Si aún se puede aprender de los errores, la omnipotencia debería ser materia de meditación para los próximos gobiernos, al menos por una razón paradójica: si el reflejo triunfalista de Cambiemos fue ocultar al principio la triste verdad de la herencia porque “la gente” no quería malas noticias, su fracaso posterior arrastró a la sociedad a una desnuda constatación: si la Argentina no crea recursos genuinos no tendrá futuro. Seguirá generando pobres, potenciando conflictos, provocando desconfianza. Esta restricción, que la actual administración no quiso, no supo o no pudo ver, es la que heredará la próxima, independientemente del partido a la que pertenezca. El peronismo, obsesionado por la posibilidad de recuperar el poder, no parece advertir este hecho. Sus candidatos siguen soñando como Macri y otros antes que él: si llego, me las arreglaré solo, tendré los votos y la iluminación de los elegidos. Habría que recordarles que ni a Néstor Kirchner le alcanzó con las excepcionales condiciones que le tocaron. Su solipsismo autoritario comprometió el futuro del país. Algo que su esposa se encargó, desgraciadamente, de potenciar.

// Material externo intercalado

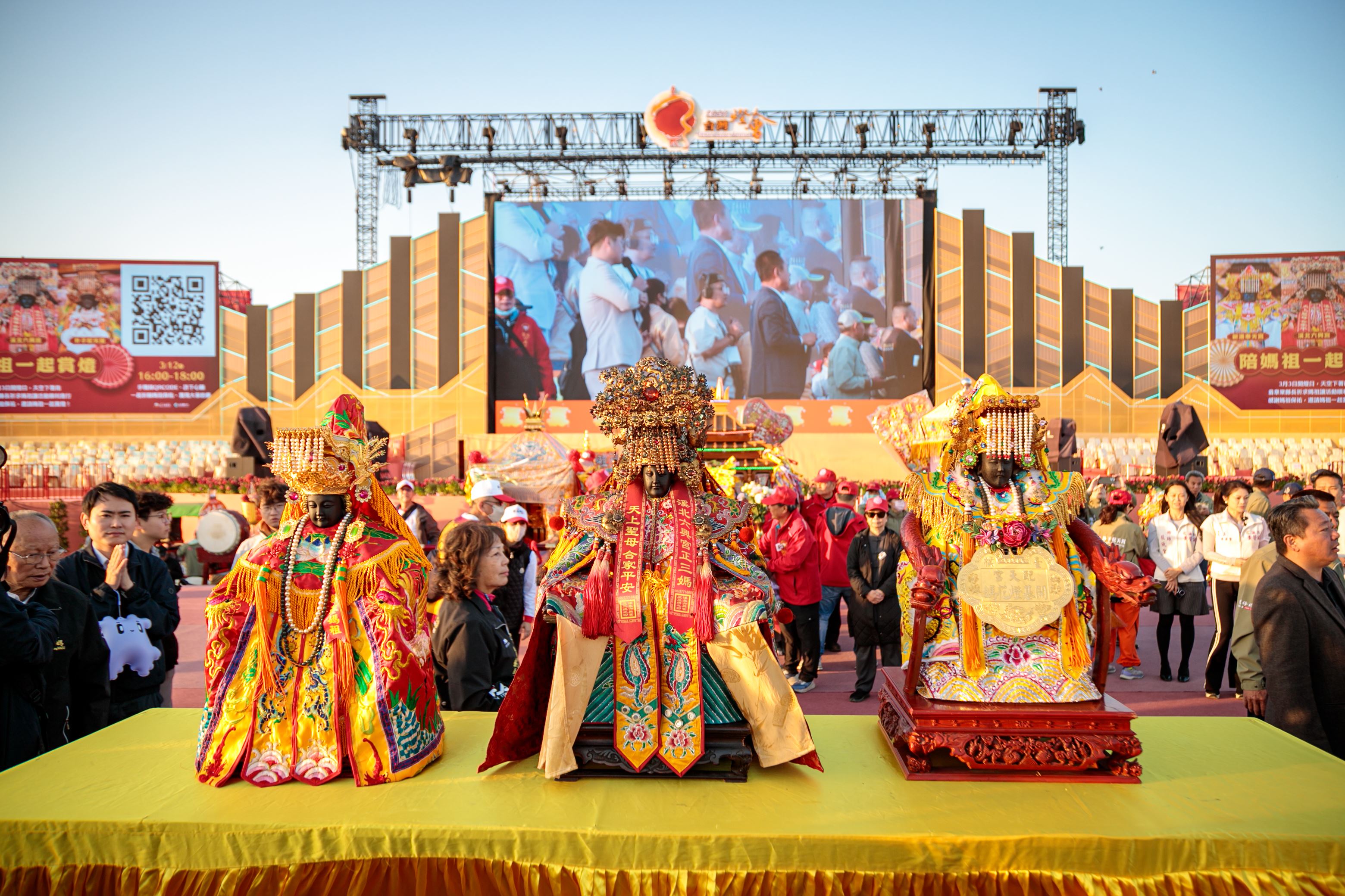 翁縣長偕夫人劉莉英、觀光署長陳玉秀、立委蔡易餘、陳冠廷、議長張明達、副議長陳怡岳、奉天宮董事長何達煌、配天宮董事長蔡承宗、六興宮主委江筱芃,以及地方各級民代,見證三位媽祖安座、世紀同框的時刻。
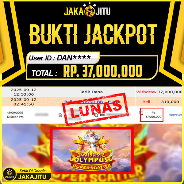 JAKAJITU JACKPOT GATE OF OLYMPUS SUPER SCATTER Rp. 37.000.000,- LUNAS
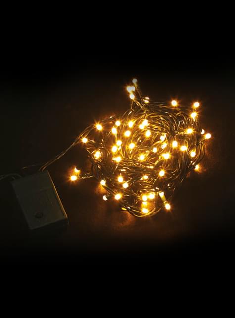 Obsahuje: 6.5 m světla na šňůře se 100 LED světly teplá bílá a ovladačem na 8 funkcí. Se šňůrou na 220V.
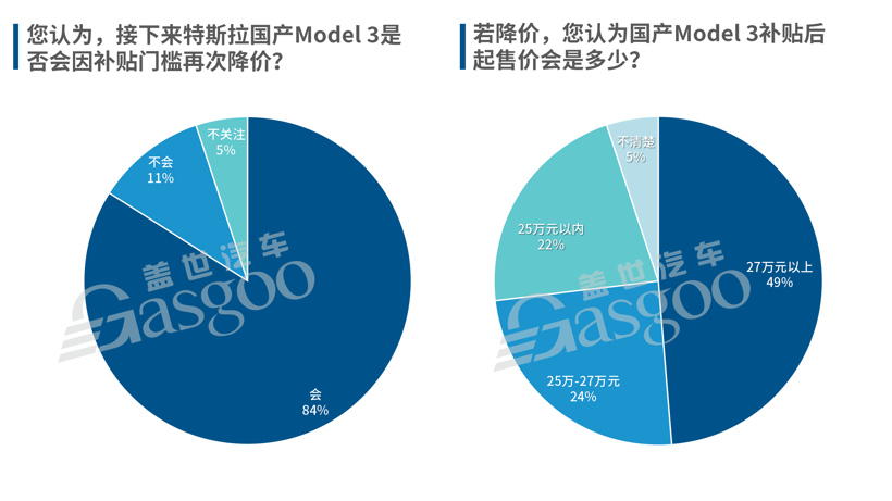 对此,据盖世汽车近日发起的一份有近一千五百人参与的调查显示,超八成的参与者认为国产Model 3会因补贴门槛再次降价,且有近五成参与者认为,国产Model 3补贴后起售价会在27万元以上,很显然,以上两点预测均已应验。

2018 no tuvo piedad: se cobró los errores del Gobierno y la oposición, dejando extenuada a la sociedad. El daño sufrido es inconmensurable. En lo inmediato, dos síntomas resultan alarmantes: la fragmentación del poder al interior de las elites y el desahucio de la economía real. Una sorda guerra de intereses en la cima, mientras en la base sucumben los emprendimientos y las pequeñas y medianas empresas que sustentan el empleo. Eso para no hablar de la pobreza. En fin, una densa trama de conflictos, recesión e injusticias de la que emana recelo e incertidumbre.

No obstante habrá que apostar, como exigía Pascal. Este es quizás el desafío del porvenir: disminuir la omnipotencia política, asumiendo que por mucho tiempo en la Argentina nadie podrá solucionar los problemas solo. Esa es la inflexión que tal vez cambie el destino. Si se la desecha, los años, implacables, seguirán cobrándose nuestras equivocaciones.